WHAT IS NEEDED: Using the records below, give again exactly the lines from the line that contains "Concert [Solaris]》 新加坡站演唱会、岳云鹏孙越《四海福临2025相声专场》马来西亚吉隆坡站等十余场演出活动。" through the line that contains "Contém logo na", both ends included, and only those.

SUPPLIED DATA section start

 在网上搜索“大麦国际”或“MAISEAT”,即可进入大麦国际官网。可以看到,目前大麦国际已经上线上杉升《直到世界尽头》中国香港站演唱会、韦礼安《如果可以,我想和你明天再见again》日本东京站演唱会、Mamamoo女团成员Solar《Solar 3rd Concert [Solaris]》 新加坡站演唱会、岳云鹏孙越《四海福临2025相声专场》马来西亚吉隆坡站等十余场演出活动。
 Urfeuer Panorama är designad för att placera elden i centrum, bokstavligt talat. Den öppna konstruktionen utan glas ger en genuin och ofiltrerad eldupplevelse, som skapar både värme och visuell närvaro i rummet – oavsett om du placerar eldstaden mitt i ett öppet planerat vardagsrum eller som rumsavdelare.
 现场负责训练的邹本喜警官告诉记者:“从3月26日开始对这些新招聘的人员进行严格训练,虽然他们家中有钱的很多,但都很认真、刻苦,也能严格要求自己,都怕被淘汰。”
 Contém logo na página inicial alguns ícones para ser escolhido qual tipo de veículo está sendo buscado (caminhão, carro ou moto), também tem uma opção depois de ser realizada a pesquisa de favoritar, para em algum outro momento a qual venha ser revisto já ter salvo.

SUPPLIED DATA section end
SUPPLIED DATA section start

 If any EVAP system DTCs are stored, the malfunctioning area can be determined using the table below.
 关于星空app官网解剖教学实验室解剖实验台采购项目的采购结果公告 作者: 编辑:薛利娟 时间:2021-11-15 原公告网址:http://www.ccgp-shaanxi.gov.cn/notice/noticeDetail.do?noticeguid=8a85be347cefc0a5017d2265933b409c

SUPPLIED DATA section end

RESPONSE:
 在网上搜索“大麦国际”或“MAISEAT”,即可进入大麦国际官网。可以看到,目前大麦国际已经上线上杉升《直到世界尽头》中国香港站演唱会、韦礼安《如果可以,我想和你明天再见again》日本东京站演唱会、Mamamoo女团成员Solar《Solar 3rd Concert [Solaris]》 新加坡站演唱会、岳云鹏孙越《四海福临2025相声专场》马来西亚吉隆坡站等十余场演出活动。
 Urfeuer Panorama är designad för att placera elden i centrum, bokstavligt talat. Den öppna konstruktionen utan glas ger en genuin och ofiltrerad eldupplevelse, som skapar både värme och visuell närvaro i rummet – oavsett om du placerar eldstaden mitt i ett öppet planerat vardagsrum eller som rumsavdelare.
 现场负责训练的邹本喜警官告诉记者:“从3月26日开始对这些新招聘的人员进行严格训练,虽然他们家中有钱的很多,但都很认真、刻苦,也能严格要求自己,都怕被淘汰。”
 Contém logo na página inicial alguns ícones para ser escolhido qual tipo de veículo está sendo buscado (caminhão, carro ou moto), também tem uma opção depois de ser realizada a pesquisa de favoritar, para em algum outro momento a qual venha ser revisto já ter salvo.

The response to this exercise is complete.